A unique opportunity to study in the city of Liverpool, home of The Beatles and with access to leading Popular Music academics and Beatles specialists, this MA is the only one of its kind in the UK and the world.
This MA will examine the significance of the music of the Beatles in the construction of identities, audiences, ethnicities and industries, and localities; by doing so it will suggest ways to understand popular music as a social practice, focusing attention on issues such as the role of music in the construction of regional identities, concepts of authenticity, aesthetics, meaning, value, performance, and the use of popular music as a discursive evocation of place. Furthermore, in a consideration of popular music as a text, popular music semiotics will also be employed.

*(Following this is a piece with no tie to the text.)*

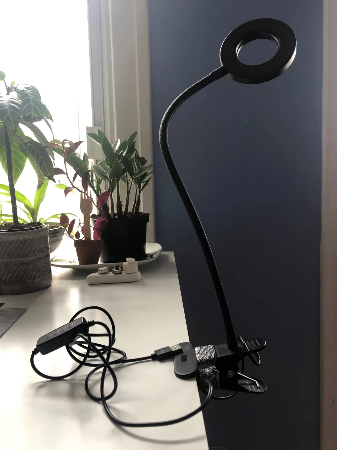 Clips on to desk etc, powered by usb, several settings. Got it early pandemic and used it like 3 times.

This MA will be of interest to those working in the fields of popular music studies, cultural studies, social anthropology, politics, gender studies, and musicology, among others. Such a course is an essential addition to the discipline of Popular Music Studies.
Currently four taught modules are offered on this programme.
Texts and Contexts: Understanding Popular Music
This will offer you an understanding of how Popular Music Studies has expanded and developed to deal with the changing nature of popular music over the past 50 years. This module will also provide students with contextually related research methods.
Topics in History: Liverpool
This module will introduce and discuss musical production and consumption within the post WWII era and will discuss the roles of locality, economics, space and place, and other issues specifically relating to Merseyside.
Musicology and the Beatles
In this module you will take a popular music semiotics approach and will textually analyse a variety of Beatles material.
Historical and Critical Approaches
You will be invited to study a more ethnographic approach to the Beatles, the various cultural discourses surrounding their music, and the local tourist industry established in Liverpool to capitalise on the group.
The Dissertation module will be introduced to students towards the end of the Topics in History module with a request for student abstracts, the allocation of supervisors, and the agreement of research areas.
1. The Postgraduate Certificate will be awarded on the successful completion of 60 credits. This will consist of two taught modules.
2. The Postgraduate Diploma will be awarded on the successful completion of 120 credits. This will mean the completion of all modules apart from the Dissertation.